This study focuses on the planetary limits to BECCS from first generation annual bio-energy (BE) crops coupled with Carbon Capture and Storage (CCS).
The acknowledged threat of many damaging aspects of climate change over the next century and beyond has prompted research into ways to reduce and reverse the recent increase in the amount of carbon in the atmosphere. Many climate model projections that prevent more than 2°C of climate change rely on negative emissions, particularly from BioEnergy with Carbon Capture and Storage (BECCS). The concept of BECCS is to grow bioenergy crops to produce energy and sequester carbon. The crop takes in carbon dioxide from the atmosphere through photosynthesis. When the bioenergy crop is combusted for energy, the resultant carbon emissions are then captured and stored. This therefore results in negative emissions – removal of carbon from the atmosphere. The potential for negative emissions is dependent on three aspects: the amount of carbon taken in by the bioenergy crop; the efficiency with which that biocrop carbon is captured and stored; and amount of carbon emissions from the land use change (LUC) necessary to grow the bioenergy crop. Additionally, there is a need to consider how large-scale deployment might influence other carbon sinks and the physical coupling of the atmosphere with the land surface. These complexities are often omitted from studies.
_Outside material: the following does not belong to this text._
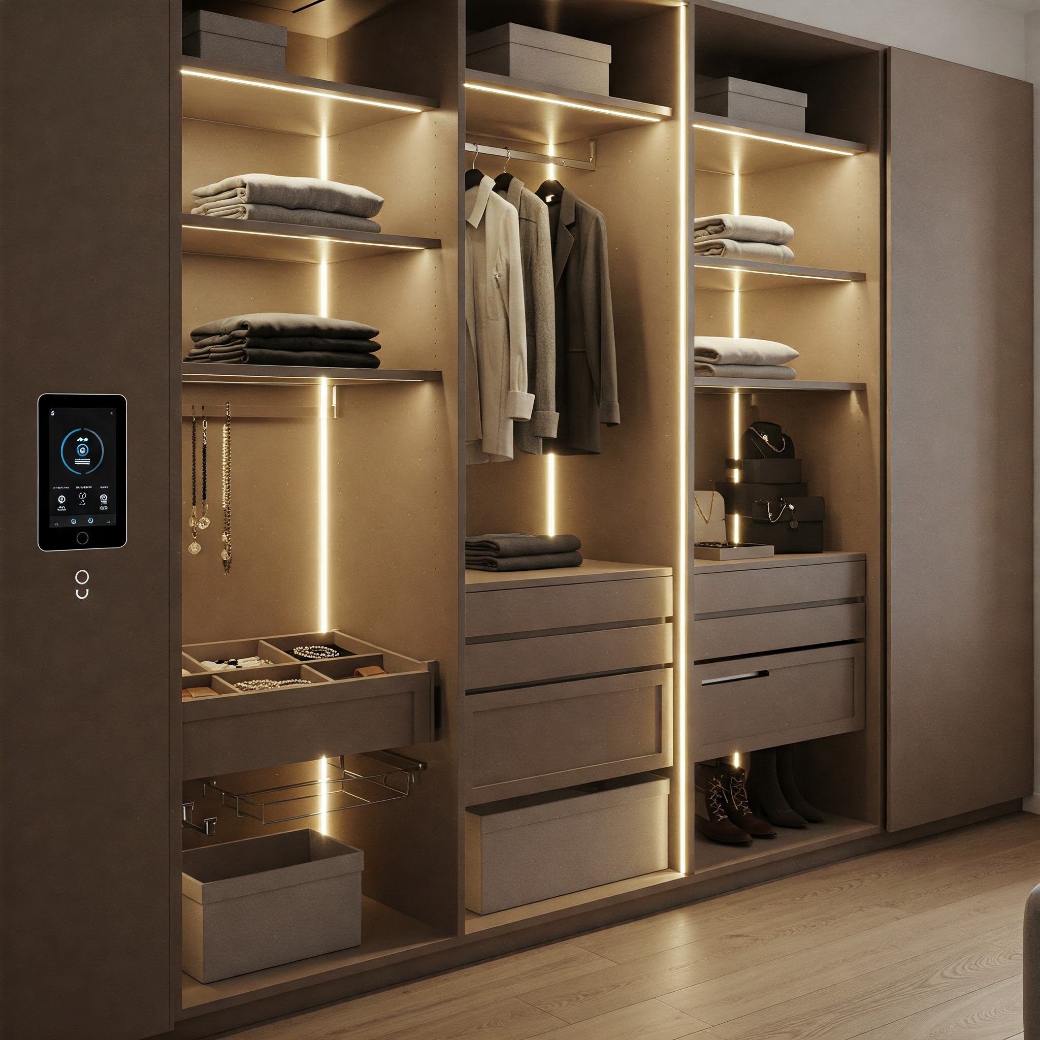6. Intelligent Wardrobes with Inbuilt Lighting and Accessories

This work takes the approach by considering the supply side of first generation annual energy crops with a greater focus than earlier work on the climate drivers associated with biofuel production – i.e. what is the maximum potential for negative emissions from BECCS and what are the greatest planetary limitations to the provision of BECCS? Do future changes in climate offset or enhance the BECCS potential? Here we present a new quantification of the amounts of BECCS available from existing agricultural land or forest areas. We account for the net carbon effects of BECCS, considering the carbon lost from the land use changes as well as the gains from annual energy crops, and the non-carbon effects of BECCS on climate. This perspective can help give a fuller answer to scepticism about the potential of BECCS to provide significant amounts of negative emissions. As in many scenarios from integrated assessment models (AR5 WG3) it is assumed here that CCS is readily available. This will be considered separately elsewhere in AVOID 2.
Key Findings
- Most but not all IPCC WG3 emission scenarios stabilising climate at low levels, such as 2°C, require large scale deployment of BECCS.
- Land-use emissions embedded in BECCS scenarios can be large and need to be included in emission pathways. In one scenario, the expected BECCS associated temperature offset of 1.34°C by the end of the century is reduced to 0.15°C due to land-use emissions.
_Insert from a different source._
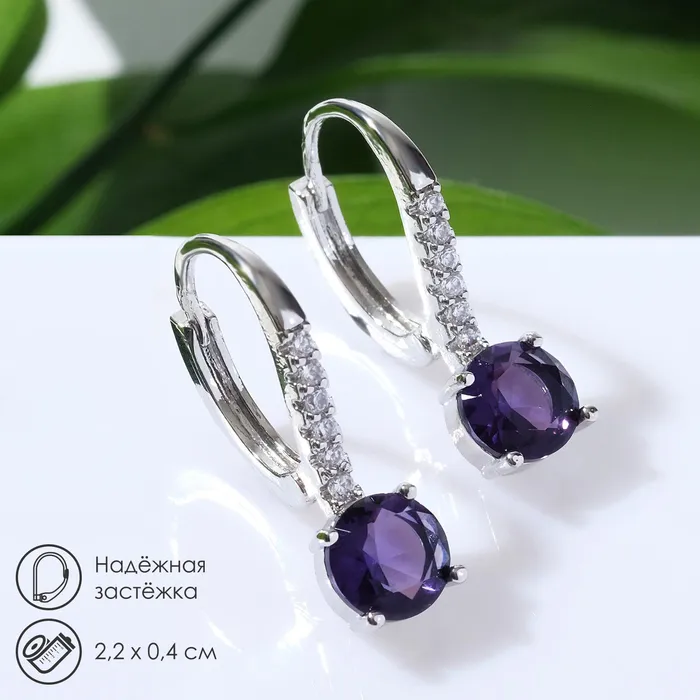 Серьги со стразами «Анютины глазки» сиреневые в серебре — Характеристики

- Gross negative emissions from BECCS are unlikely to exceed 640GtC (2346 GtCO2) over the 21st century. When land-use change is included the net maximum contribution is 130 GtC (476 GtCO2). These numbers are derived from the HadGEM2-ES Earth System Model and include the impact of climate on yields. Gross values account for yield only, whilst net values include carbon losses from associated deforestation. The highest gross emissions come from a scenario assuming rapid expansion of bioenergy crops from 2020 in the highly productive tropics covering 18% of the land surface in 2100. The highest net emission comes from a scenario assuming available abandoned agricultural land is put into production reaching a maximum of 5% of land cover in 2100.
- In the scenario with the least mitigation benefit an additional 100 GtC (366 GtCO2) is emitted to the atmosphere due to the combined effect of emissions from clearing forests in regions with marginal yields vulnerable to climate change. In this scenario, the land use emissions exceed the potential carbon sequestration from BECCS over the 21st Century.
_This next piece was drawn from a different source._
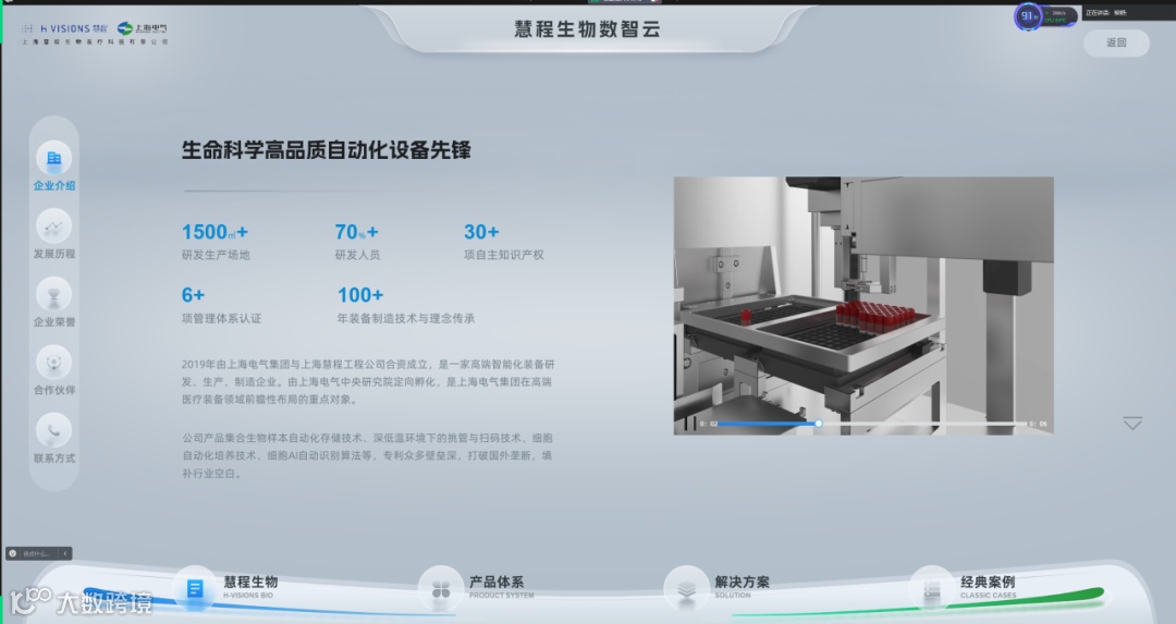 慧程生物联合优秀数字孪生团队,利用数字孪生技术,搭建“慧程生物数智云”数字化展馆,打造沉浸式全自动生物样本库体验馆,使参观者仿佛置身于真实环境中,清晰地展示了慧程生物自动化产品和技术的应用场景,也为现场的客户带来了前所未有的视觉冲击和互动体验。

- The contribution of negative emissions from BECCS is unlikely to exceed cooling of 0.7°C by 2100, given technological and social constraints. The biophysical effect of deforestation on the decadal-centennial timescale dominates the cooling from negative emissions. More realistic values are around 0.25°C from redeploying agricultural land to bioenergy.
- In the scenarios considered here, yields increase under climate change, with important regional variation. We find no global threshold under which BECCS production decreases.
- The median gross BECCS requirement compatible with a 2°C climate target is 166 GtC (608 GtCO2) within the IPCC scenario database. The highest net estimate presented here is 130GtC (476 GtCO2) implying that deploying enough BECCS within land-use constraints may be highly challenging.
- In the absence of limits on CCS the largest constraint on BECCS, as found in this study, is the amount of land allocated to bioenergy crops and the rate of deployment. Competition for land for food production is a key uncertainty. Other major constraints on the amount of BECCS achievable are the harvest and sequestration efficiencies.
- The most productive areas globally are the tropics. Expansion of bioenergy crop into those areas has a higher marginal gain.
- Biophysical cooling associated with deforestation for biofuels may have benefits to stabilising climate at low levels. Biophysical effects may also include reduced precipitation and other non-temperature linked negative impacts. Other modelling studies have also found warming associated with tropical deforestation.
- Uncertainties are large, particularly with regard to the impacts of climate on crop productivity with literature values spanning a possible increase to decrease.